Re: [PATCH v2 4/9] slab: Introduce kmem_buckets_create()

From: Kees Cook
Date: Mon Mar 25 2024 - 16:40:44 EST


On Mon, Mar 25, 2024 at 03:40:51PM -0400, Kent Overstreet wrote:
> On Tue, Mar 05, 2024 at 02:10:20AM -0800, Kees Cook wrote:
> > Dedicated caches are available For fixed size allocations via
> > kmem_cache_alloc(), but for dynamically sized allocations there is only
> > the global kmalloc API's set of buckets available. This means it isn't
> > possible to separate specific sets of dynamically sized allocations into
> > a separate collection of caches.
> >
> > This leads to a use-after-free exploitation weakness in the Linux
> > kernel since many heap memory spraying/grooming attacks depend on using
> > userspace-controllable dynamically sized allocations to collide with
> > fixed size allocations that end up in same cache.
> >
> > While CONFIG_RANDOM_KMALLOC_CACHES provides a probabilistic defense
> > against these kinds of "type confusion" attacks, including for fixed
> > same-size heap objects, we can create a complementary deterministic
> > defense for dynamically sized allocations.
> >
> > In order to isolate user-controllable sized allocations from system
> > allocations, introduce kmem_buckets_create(), which behaves like
> > kmem_cache_create(). (The next patch will introduce kmem_buckets_alloc(),
> > which behaves like kmem_cache_alloc().)
> >
> > Allows for confining allocations to a dedicated set of sized caches
> > (which have the same layout as the kmalloc caches).
> >
> > This can also be used in the future once codetag allocation annotations
> > exist to implement per-caller allocation cache isolation[1] even for
> > dynamic allocations.
> >
> > Link: https://lore.kernel.org/lkml/202402211449.401382D2AF@keescook [1]
> > Signed-off-by: Kees Cook <keescook@xxxxxxxxxxxx>
> > ---
> > Cc: Vlastimil Babka <vbabka@xxxxxxx>
> > Cc: Christoph Lameter <cl@xxxxxxxxx>
> > Cc: Pekka Enberg <penberg@xxxxxxxxxx>
> > Cc: David Rientjes <rientjes@xxxxxxxxxx>
> > Cc: Joonsoo Kim <iamjoonsoo.kim@xxxxxxx>
> > Cc: Andrew Morton <akpm@xxxxxxxxxxxxxxxxxxxx>
> > Cc: Roman Gushchin <roman.gushchin@xxxxxxxxx>
> > Cc: Hyeonggon Yoo <42.hyeyoo@xxxxxxxxx>
> > Cc: linux-mm@xxxxxxxxx
> > ---
> > include/linux/slab.h | 5 +++
> > mm/slab_common.c | 72 ++++++++++++++++++++++++++++++++++++++++++++
> > 2 files changed, 77 insertions(+)
> >
> > diff --git a/include/linux/slab.h b/include/linux/slab.h
> > index f26ac9a6ef9f..058d0e3cd181 100644
> > --- a/include/linux/slab.h
> > +++ b/include/linux/slab.h
> > @@ -493,6 +493,11 @@ void *kmem_cache_alloc_lru(struct kmem_cache *s, struct list_lru *lru,
> > gfp_t gfpflags) __assume_slab_alignment __malloc;
> > void kmem_cache_free(struct kmem_cache *s, void *objp);
> >
> > +kmem_buckets *kmem_buckets_create(const char *name, unsigned int align,
> > + slab_flags_t flags,
> > + unsigned int useroffset, unsigned int usersize,
> > + void (*ctor)(void *));
>
> I'd prefer an API that initialized an object over one that allocates it
> - that is, prefer
>
> kmem_buckets_init(kmem_buckets *bucekts, ...)

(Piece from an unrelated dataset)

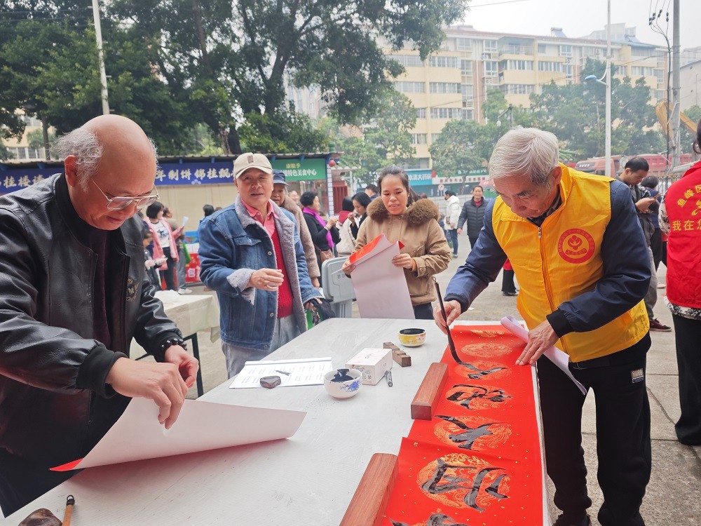 金蛇辭舊歲,駿馬報(bào)新春。為弘揚(yáng)中華優(yōu)秀傳統(tǒng)文化,營(yíng)造喜慶祥和、溫馨和諧的節(jié)日氛圍,2月5日上午,廣西壯族自治區(qū)柳州市魚(yú)峰區(qū)五里亭街道陽(yáng)光社區(qū)關(guān)工領(lǐng)導(dǎo)小組聯(lián)合轄區(qū)企業(yè)錦桂樓餅家,共同舉辦“駿馬馳騁迎新春 鄰里歡聚慶團(tuán)圓”迎新春系列活動(dòng),將寫(xiě)春聯(lián)、做禮餅等內(nèi)容融為一體,可以在家門(mén)口感受濃濃年味,共享新春喜悅。

Sure, that can work. kmem_cache_init() would need to exist for the same
reason though.

>
> by forcing it to be separately allocated, you're adding a pointer deref
> to every access.

I don't understand what you mean here. "every access"? I take a guess
below...

> That would also allow for kmem_buckets to be lazily initialized, which
> would play nicely declaring the kmem_buckets in the alloc_hooks() macro.

Sure, I think it'll depend on how the per-site allocations got wired up.
I think you're meaning to include a full copy of the kmem cache/bucket
struct with the codetag instead of just a pointer? I don't think that'll
work well to make it runtime selectable, and I don't see it using an
extra deref -- allocations already get the struct from somewhere and
deref it. The only change is where to find the struct.

> I'm curious what all the arguments to kmem_buckets_create() are needed
> for, if this is supposed to be a replacement for kmalloc() users.

Are you confusing kmem_buckets_create() with kmem_buckets_alloc()? These
args are needed to initialize the per-bucket caches, just like is
already done for the global kmalloc per-bucket caches. This mirrors
kmem_cache_create(). (Or more specifically, calls kmem_cache_create()
for each bucket size, so the args need to be passed through.)

If you mean "why expose these arguments because they can just use the
existing defaults already used by the global kmalloc caches" then I
would say, it's to gain the benefit here of narrowing the scope of the
usercopy offsets. Right now kmalloc is forced to allow the full usercopy
window into an allocation, but we don't have to do this any more. For
example, see patch 8, where struct msg_msg doesn't need to expose the
header to userspace:

msg_buckets = kmem_buckets_create("msg_msg", 0, SLAB_ACCOUNT,
sizeof(struct msg_msg),
DATALEN_MSG, NULL);

Only DATALEN_MSG many bytes, starting at sizeof(struct msg_msg), will be
allowed to be copied in/out of userspace. Before, it was unbounded.

-Kees

--
Kees Cook